WHAT IS NEEDED: Below are the records; extract from them the line containing "100 YEARS text, on" to the line containing "In Ullman’s office", both lines included, exactly and with no pictures.

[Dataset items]
Segment Open
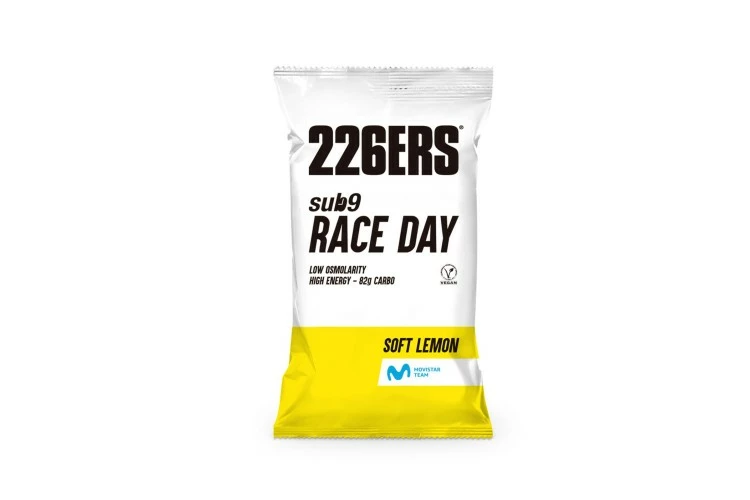 | Sub9 Race Day es apta para veganos, se presenta en formato monodosis y sabor limón suave. Para su preparación se debe añadir un poco de agua al bidón, disolver el polvo del sobre en el mismo, agitar fuertemente y rellenar de agua hasta su totalidad. Para llenar depósitos de carbohidratos (500 ml durante la hora previa al ejercicio) y en entrenamientos o competiciones a partir de 500 ml/hora. | |
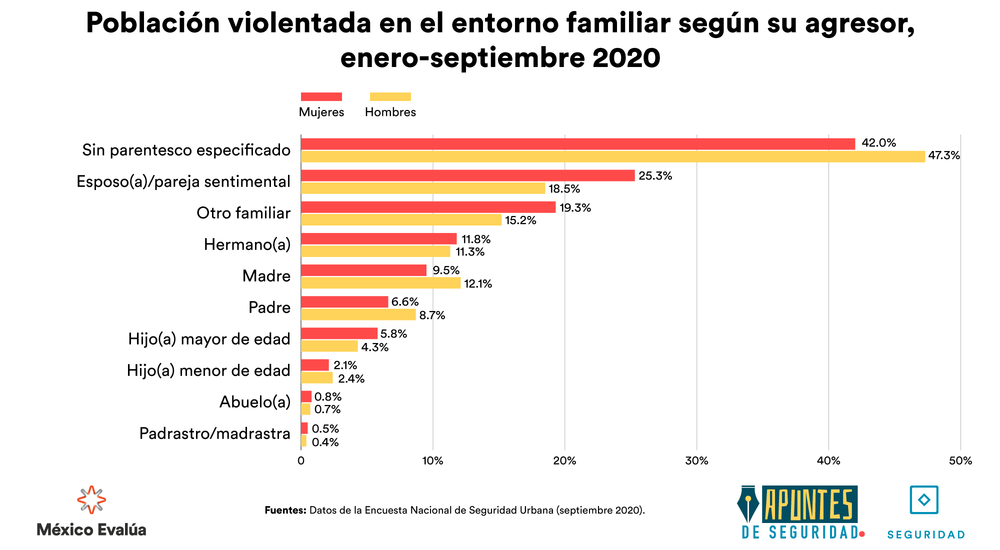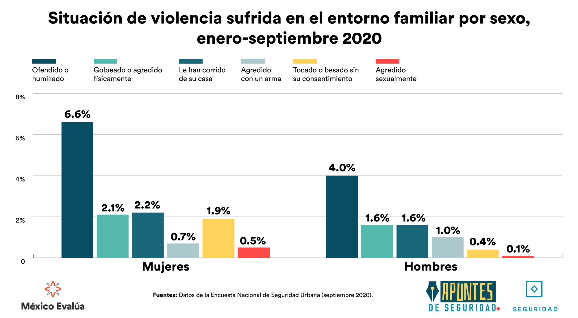 Para comprender mejor cómo impacta este tipo de violencia en la vida de las y los mexicanos, analizamos los datos de la ENSU —que por primera vez estima el número de mujeres y hombres que fueron víctimas de violencia en el entorno familiar[1] en 85 ciudades del país— y los enmarcamos en las siguientes preguntas:
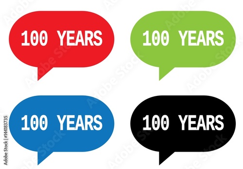 100 YEARS text, on rectangle speech bubble sign.
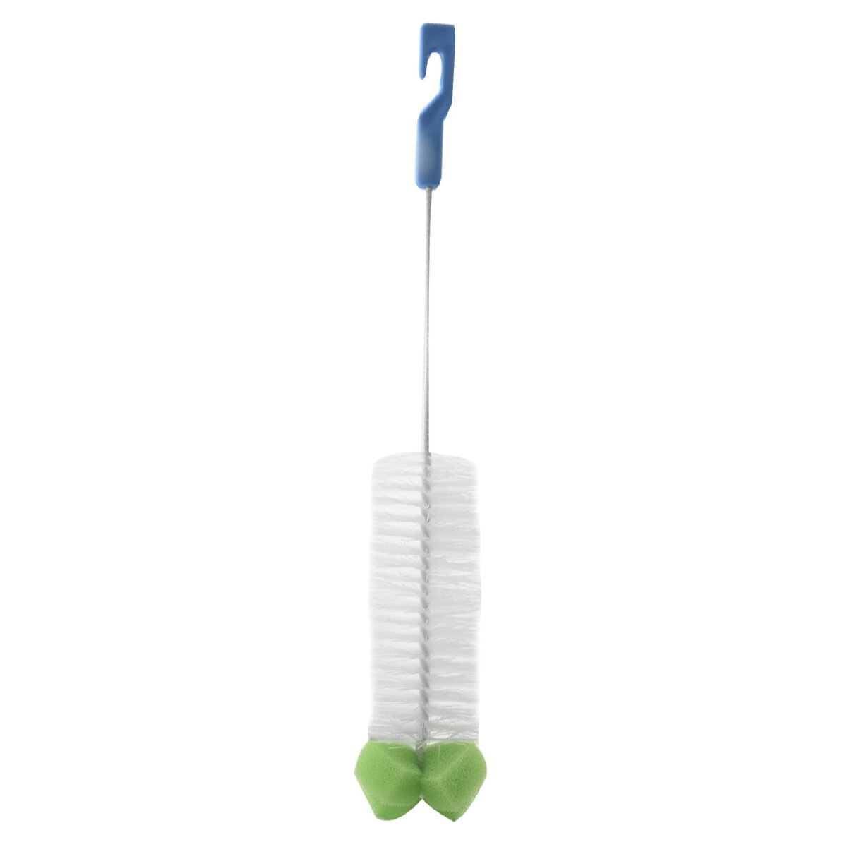 Fľaše, termosky i karafy. S touto kefou budou v okamžiku jako nové. V spodnej časti je hubka, ktorá slúži k preciznemu vyčisteniu dna nádoby, na ktorú možno naniesť saponát alebo čistiaci piesok. Kefa má také háčik na zavesenie. Obsahuje plast PP.
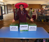On Wednesday all students and staff were invited to come to school in international mufti. We saw people in kilts, salwar kameez, rugby tops, berets and myriad cultural symbols. Everyone paid a pound to charity and an impressive total of £1,213 was raised. The money was divided by vote: £643 to UNICEF, £400 to Red Cross/Red Crescent and £170 to Amnesty international.
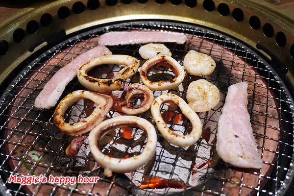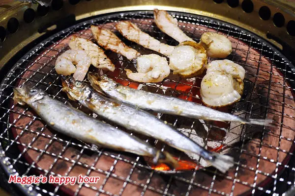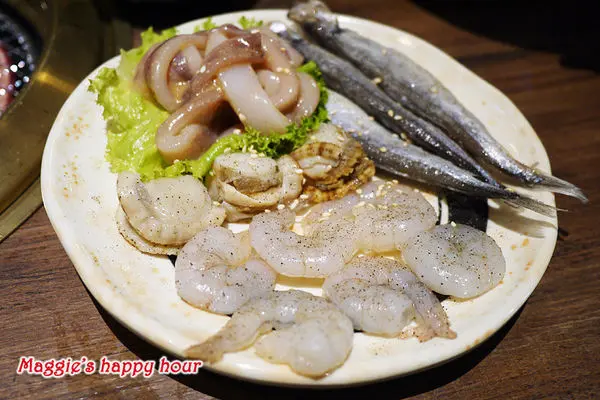 「綜合海鮮」有柳葉魚、章魚、鮮蝦及貝肉,海鮮的滋味是來燒烤店不可或缺的美食,每一種也都沒讓人失望。
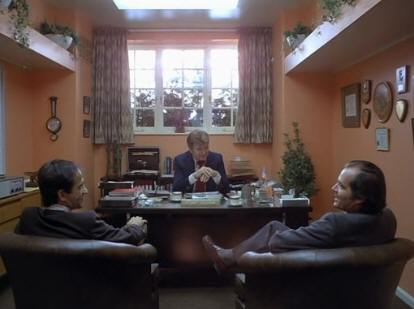 In Ullman’s office Jack makes a verbal reference to the allure of false enlightenment. Ullman, “When the place was built in 1907 there was very little interest in winter sports, and this site was chosen for it’s seclusion and scenic beauty.” We immediately cut to a wide shot of the window behind Ullman’s desk as Jack responds, “Well it’s certainly got plenty of that.” The resulting laughter from the three characters further supports the in-joke about the false light from the window.
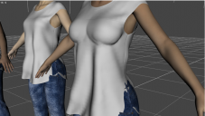 And yeah, the Timeline is needed to make the clothes fit the morphed figure. If you were using Victoria 8 or the base Genesis 8 Female body, you could skip the business with the timeline and the Simulation settings, just apply the dForce modifier and hit Simulate. But since Elizabeth and Rebekah have custom scultped figures, the t-shirt's mesh doesn't really know what to do with it. Just hitting Simulate will leave the underside of the breasts misshaped. I'm imagining that the software takes the shape of the shirt at the start of the timeline and then uses the physics engine to determine the drape of cloth over the course of the simulation. Since the shirt looks nice without the character morph, dForce thinks that's how its supposed to look and rolls forward, even as the timeline slowly shifts your character to the full morph you want.
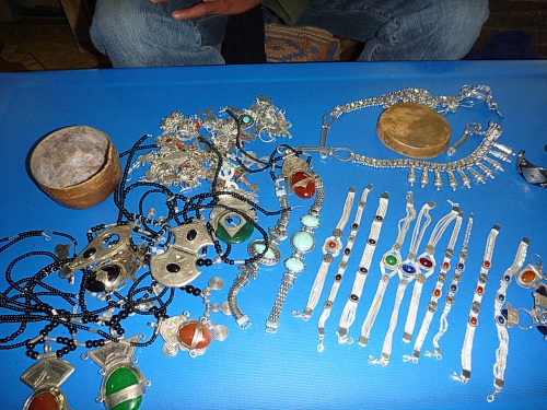 Den Tag verbringt man mit Einkaufen und Teetrinken. Der extrem starke Pfefferminztee wird mit sehr viel Zucker versetzt, bis er zähflüssig ist.Nach einem Tag weiss der ganze Ort, dass ich wenig Zucker möchte. Wenn ich in den Geschäften sitze und mit den Einheimischen quatsche, kommen verschämt „ les gents du desert“. Wüstenleute, wollen den Händlern Edelsteine oder Schmuck verkaufen, trauen sich nicht herein, weil ich dort sitze und Tee trinke. Ich frage dann, was die Berber oder Tuareg gesagt haben, frage woher das Silber kommt, die riesigen Wüstenrosen, wie es sich lebt da draußen und höre unglaubliche Geschichten über die Natur, die Sterne, das Überleben.
Segment Closed
ANSWER SPACE:
 100 YEARS text, on rectangle speech bubble sign.
 Fľaše, termosky i karafy. S touto kefou budou v okamžiku jako nové. V spodnej časti je hubka, ktorá slúži k preciznemu vyčisteniu dna nádoby, na ktorú možno naniesť saponát alebo čistiaci piesok. Kefa má také háčik na zavesenie. Obsahuje plast PP.
On Wednesday all students and staff were invited to come to school in international mufti. We saw people in kilts, salwar kameez, rugby tops, berets and myriad cultural symbols. Everyone paid a pound to charity and an impressive total of £1,213 was raised. The money was divided by vote: £643 to UNICEF, £400 to Red Cross/Red Crescent and £170 to Amnesty international.
 「綜合海鮮」有柳葉魚、章魚、鮮蝦及貝肉,海鮮的滋味是來燒烤店不可或缺的美食,每一種也都沒讓人失望。
 In Ullman’s office Jack makes a verbal reference to the allure of false enlightenment. Ullman, “When the place was built in 1907 there was very little interest in winter sports, and this site was chosen for it’s seclusion and scenic beauty.” We immediately cut to a wide shot of the window behind Ullman’s desk as Jack responds, “Well it’s certainly got plenty of that.” The resulting laughter from the three characters further supports the in-joke about the false light from the window.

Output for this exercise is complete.